I reasoned aloud, “Well, resentment could really hurt our relationship. Guilt is mine alone. I can deal with guilt.”
“So eat your guilt,” she said. “This guilt is a part of you no matter what you do. So let it be a part of you. Own it. Stop wallowing in it and accept it. Chew up your guilt and swallow it.”
She was stern. She said the words I needed to hear in that moment. She told me her name and disappeared into the crowd.
Her words have stuck with me ever since. Sometimes “let it go” doesn’t work. Sometimes, we have to “let it stay”. This doesn’t mean I can’t reach out to this friend. And maybe in another situation, resentment would be more palatable. But these words, from this stranger, have shaped my life in a small but impactful way.
A few words at the right time can give shape to your life. It’s my reminder to listen. And to share, when it’s safe to open up. A series of words. Otherwise meaningless. Connecting a part of my mind to a piece of my heart. This happens from time to time. Words with weight appearing in a song, or in written form, or from a friend. But the best is when they come from a stranger making a Nickelback joke.

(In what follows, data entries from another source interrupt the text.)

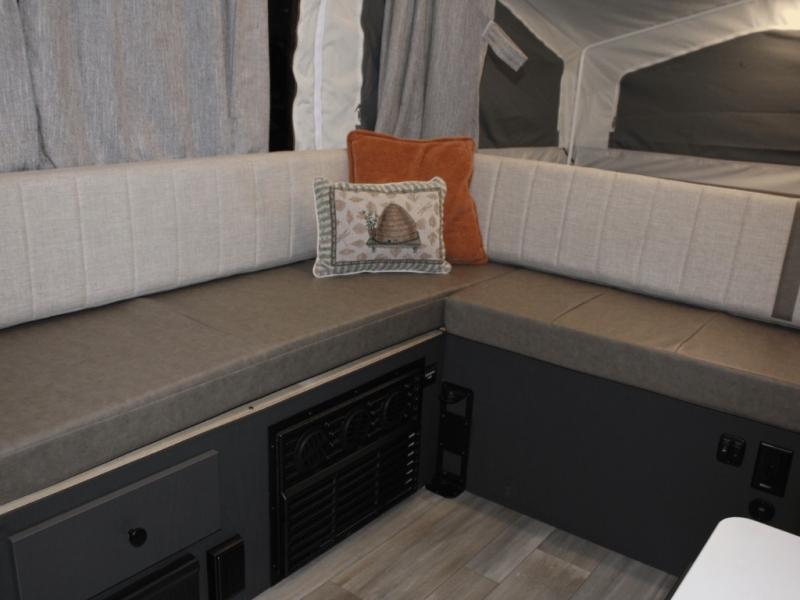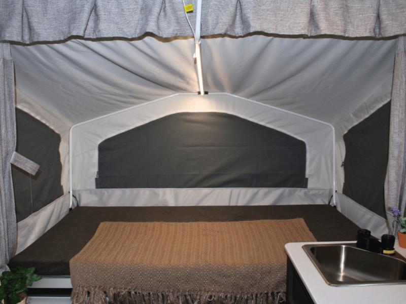 Comfort continues inside with a 15,000 BTU under-bunk air conditioner, 20,000 BTU furnace, and MaxxAir fan to keep air circulating. Additional conveniences include a one-piece screen door and two 20 lb. LP bottles, making this pop-up camper fully equipped for memorable adventures.
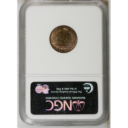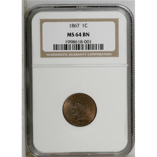 <B>1867<1C> MS64 Brown NGC.</B></I> Faded orange appears at the periphery, while violet-brown dominates the centers. A nicely struck near-Gem with great eye appeal. Census: 63 in 64 Brown, 29 finer (9/06).
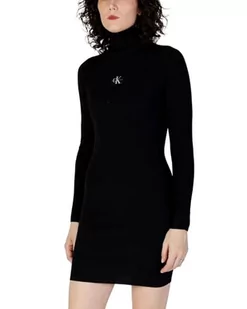 Calvin Klein Jeans Damska sukienka swetrowa z zawijanym dekoltem, Czarny, XS
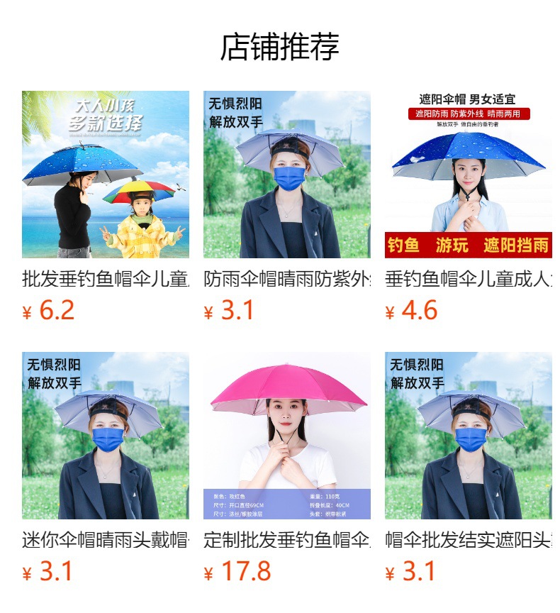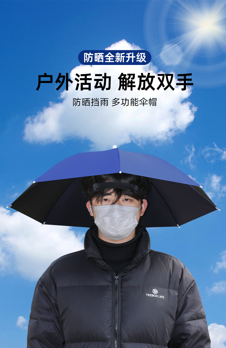 모자 우산 머리 장착 우산 맞춤형 로고 모자 낚시 머리 장착 우산 태양 우산 야외 태양 보호 비 방지 접이식 우산스토어 가기
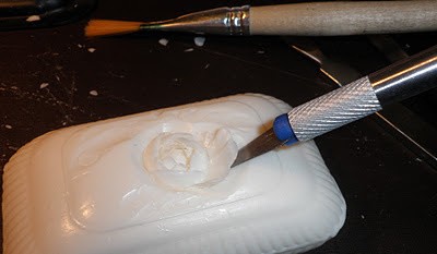 Берем резец, и вырезаем первый раскрытый лепесток розы, по внешнему краю от сделанной нами "бороздки" в мыле. Резец наклоняем в на себя, от центра цветка. После того, как вырезали лепесток, также подрезаем под ним основание, чтобы освободить лепесток.
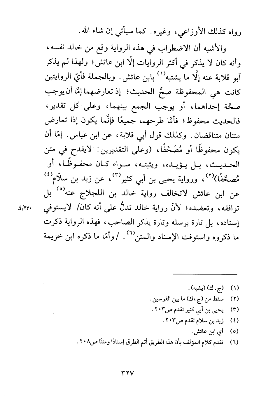 رواه كذلك الأوزاعي وغيره كما سيأتي إن شاء الله والأشبه أن الاضطراب في هذه الرواية وقع من خالد نفسه وأنه كان لا يذكر في أكثر الروايات إلاّ ابن عائش ولهذا لم يذكر أبو قلابة عنه إلاَّ ما يشتبه بابن عائش وبالجملة فأيّ الروايتين كانت هي المحفوظة صحَّ الحديث إذ تعارضهما إمَّا أن يوجب صحَّة إحداهما أو يوجب الجمع بينهما وعلى كل تقدير فالحديث محفوظ فأمَّا طرحهما جميعًا فإنَّما يكون إذا تعارض متنان متناقضان وكذلك قول أبي قلابة عن ابن عباس إمّا أن يكون محفوظًا أو مُصَحَّفًا وعلى التقديرين لا يقدح في متن الحديث بل يؤيده ويثبته سواء كان محفوظًا أو مُصحَّفًا ورواية يحيى بن أبي كثير عن زيد بن سلاّم عن ابن عائش لاتخالف رواية خالد بن اللجلاج عنه بل توافقه وتعضده لأنّ رواية خالد تدلُّ على أنه كان لا يستوفي إسناده بل تارة يرسله وتارة يذكر الصاحب فهذه الرواية ذكرت ما ذكروه واستوفت الإسناد والمتن وأمّا ما ذكره ابن خزيمة
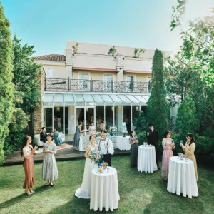 ガーデン演出 | 有りパーティーのクライマックスに花火を打ち上げたり、緑溢れるガーデンにてデザートブッフェの演出もオススメ! |
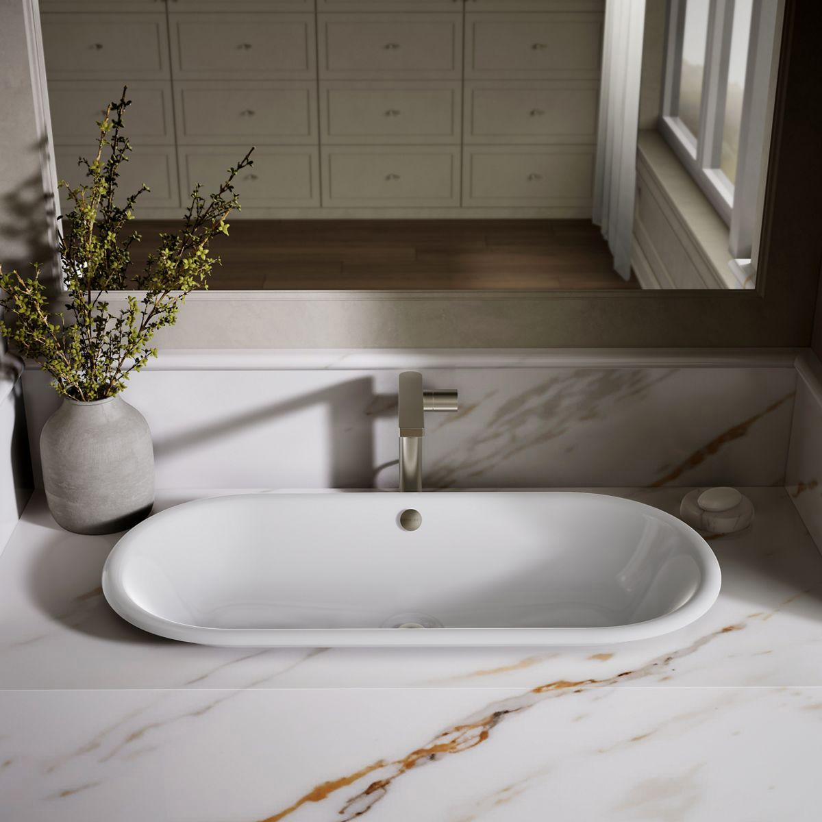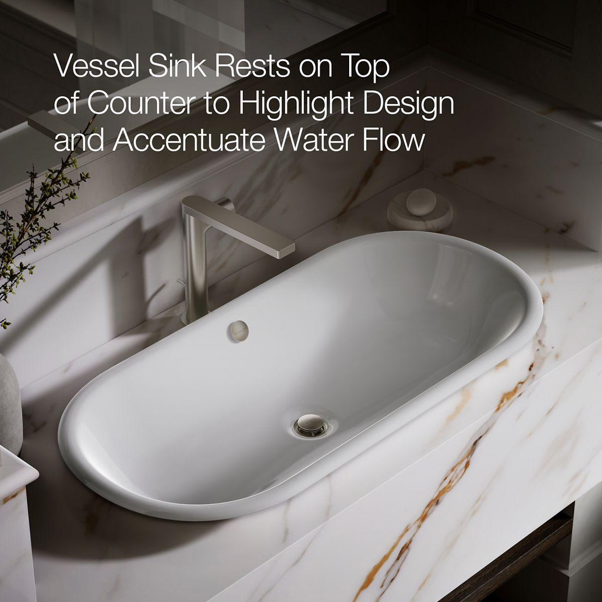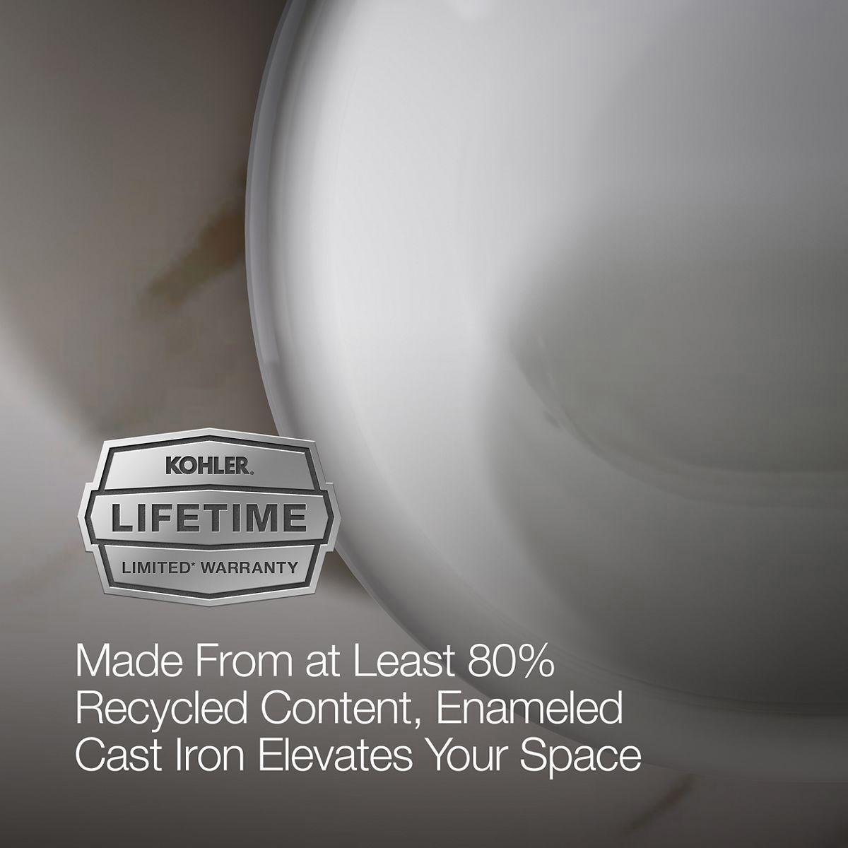 With its gently curved, organic shape, the Iron Plains sink combines distinctive style with the extreme durability, strength, and vintage soul of KOHLER enameled cast iron. This capsule-shaped bathroom sink has a painted underside, which allows for a striking vessel installation as well as drop-in or under-mount installation.

I’m like Yaya with his big anxiety and big energy. My life is rich in big emotions. I’ve come a long way to realize that, and a longer way to accept it. Often, these big emotions make decisions for me. But if I learn to understand them, if I welcome them with a loving curiosity, I can navigate them with a little more confidence. And self-compassion, self-love, inevitably follows.
Best,
Andrew, Yaya & Boo
A friend who knows I love Border Collies recently gifted me a puzzle. It was a Momo puzzle which made it all the more special! Isn’t it funny how one little conversation can change your perspective about something. Recently was dealing with a difficult family situation and everyone sort of kept saying the same thing and I was really feeling bad-until one person said something different and changed my perspective of the situation and ultimately helped me deal with it and resolve it.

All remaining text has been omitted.